It’s been exactly thirteen months since I stood in front of a professional symphony orchestra, conducting a performance the evening of March 3, 2020 in North Carolina.  Returning to New Jersey on March 4, I realized I was now living in Pandemia, a bizarre world filled with perplexing conditions and equally bewildering emotional responses.  With lots of time on my hands to ponder, some disturbing thoughts began to fill my mind.  “When would the audience for live classical music performances again be willing to sit three inches from each other in a concert hall?  When would it be safe for 80 musicians to be on a stage with each other?  When would any conductor stand in front of a symphony orchestra?  Months,  a year, longer?”  Answers to these questions continue to shift even now as Carnegie Hall recently announced the cancellation of all performances through at least July 24.

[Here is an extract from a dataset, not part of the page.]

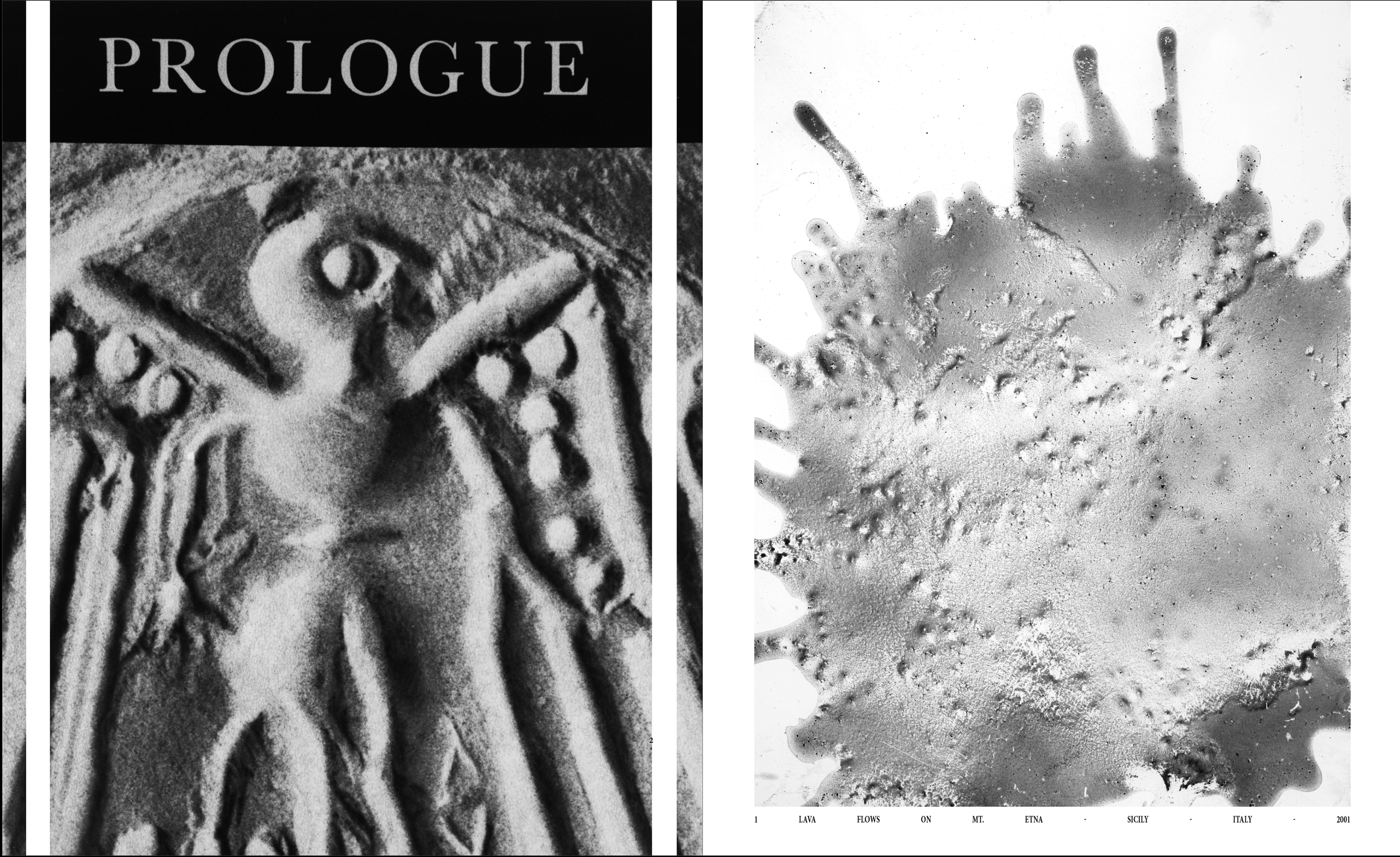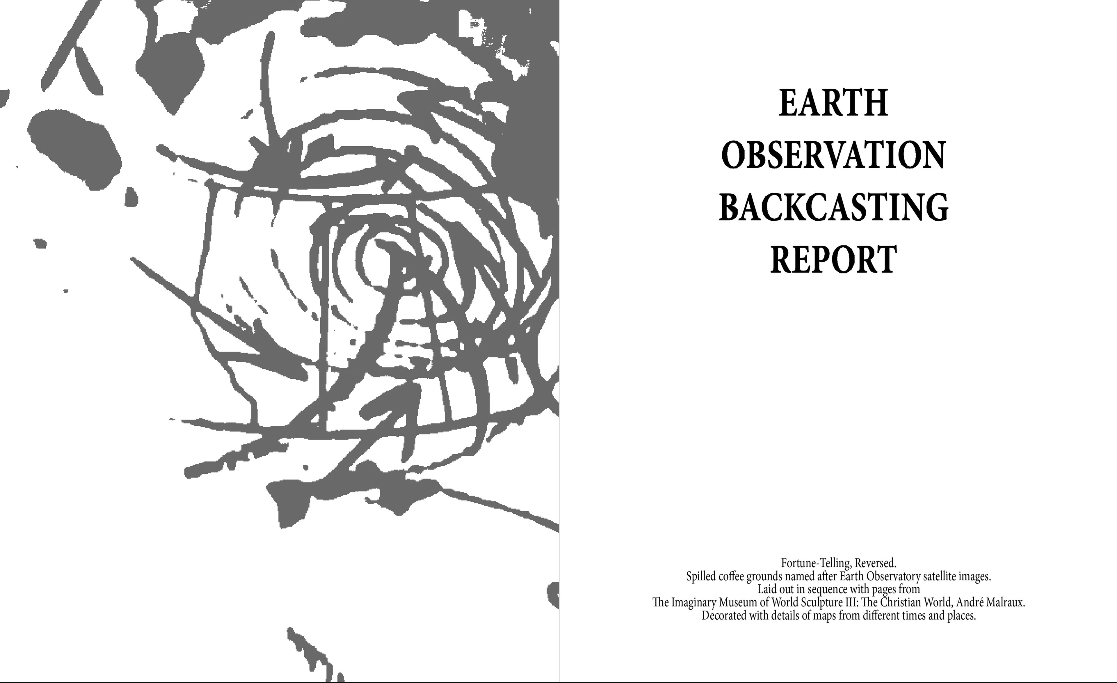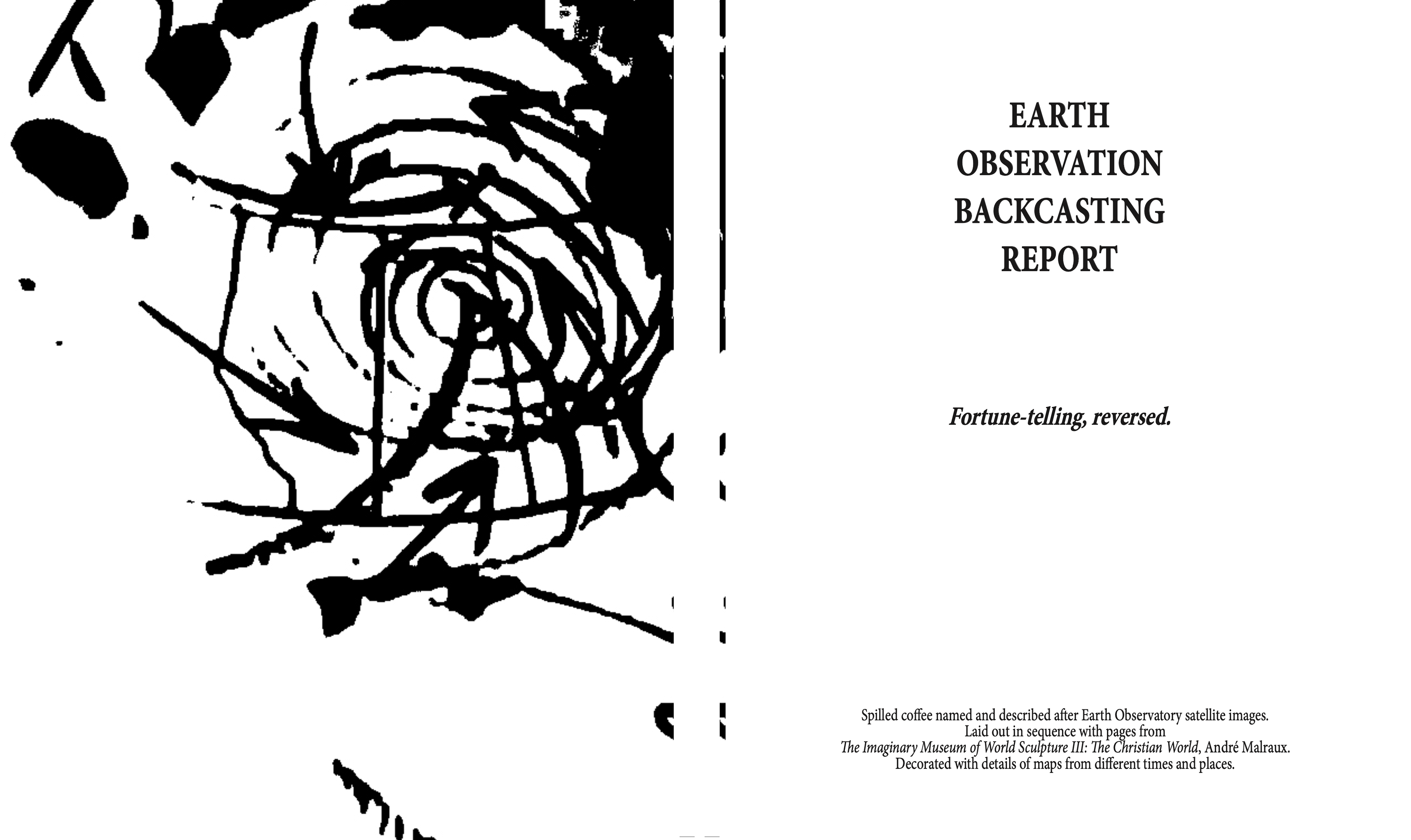 The book is structured as a speculative Earth observation backcasting report. Each double page pairs a photograph of spilled coffee stains with a rephotographed image from André Malraux’s The Imaginary Museum of World Sculpture III: The Christian World. Selected pages are further overlaid with fragments of maps from different times and places used as graphic residues rather than as navigational tools.

Before the North Carolina concert, I was writing an article called Underneath the Formal Attire, a brief look into the behind the scenes lives of professional symphony orchestra musicians. In Pandemia, I found myself with no appetite to complete this task, haunted by queries like: “Who’s going to even care about this?  Which professional symphony orchestras will still be left standing when the pandemic and the economic disaster it spawned finally end?”  A psychological cloud would not allow me to think about professional symphony orchestras at all.  “What’s the point?”

However, I continued to listen to the music I have loved all my life.  Recorded music is, of course, more abundantly available than at any previous time during my life.  While it’s not the same as sitting in the New Jersey Performing Arts Center listening to the Mariinsky Theater Orchestra perform under Valerie Gergiev, it is thrilling to listen to and watch previously recorded concerts by the Berlin Philharmonic on my computer or television.  

In the interim, some conductors have cautiously begun to conduct socially-distanced performances with chamber ensembles.  Some of these performances have even been presented before live audiences, while most have been streamed.  I’m confident that one day I will finish Underneath the Formal Attire – on a day when symphony orchestra musicians are again gainfully employed and performing for enthusiastic crowds in concert halls.

The most moving event for me personally during the past year occurred when friends learned the Mt. Gretna Festival near Lebanon, Pennsylvania had put together a last minute performance in their outdoor music shed on October 3rd.  The Lincoln Center Jazz Orchestra had decided to mount a brief outdoor tour of Wynton Marsalis’s new work The Democracy! Suite. The music is definitely worth the listen and can be downloaded here: https://store.jazz.org/products/the-democracy-suite.

The most incredible aspect about that afternoon in Mt Gretna happened just as the concert began.The shed at Mt. Gretna has 708 seats. The management had sold 150 extremely socially-distanced seats to mask wearing attendees.  When Wynton Marsalis and the Lincoln Center Jazz Orchestra began to play the first notes of Be Present I swear that I, my wife, our two friends, the other 146 audience members and even some in the orchestra simultaneously burst into tears. It was a cathartic moment like no other from any concert I’d ever attended.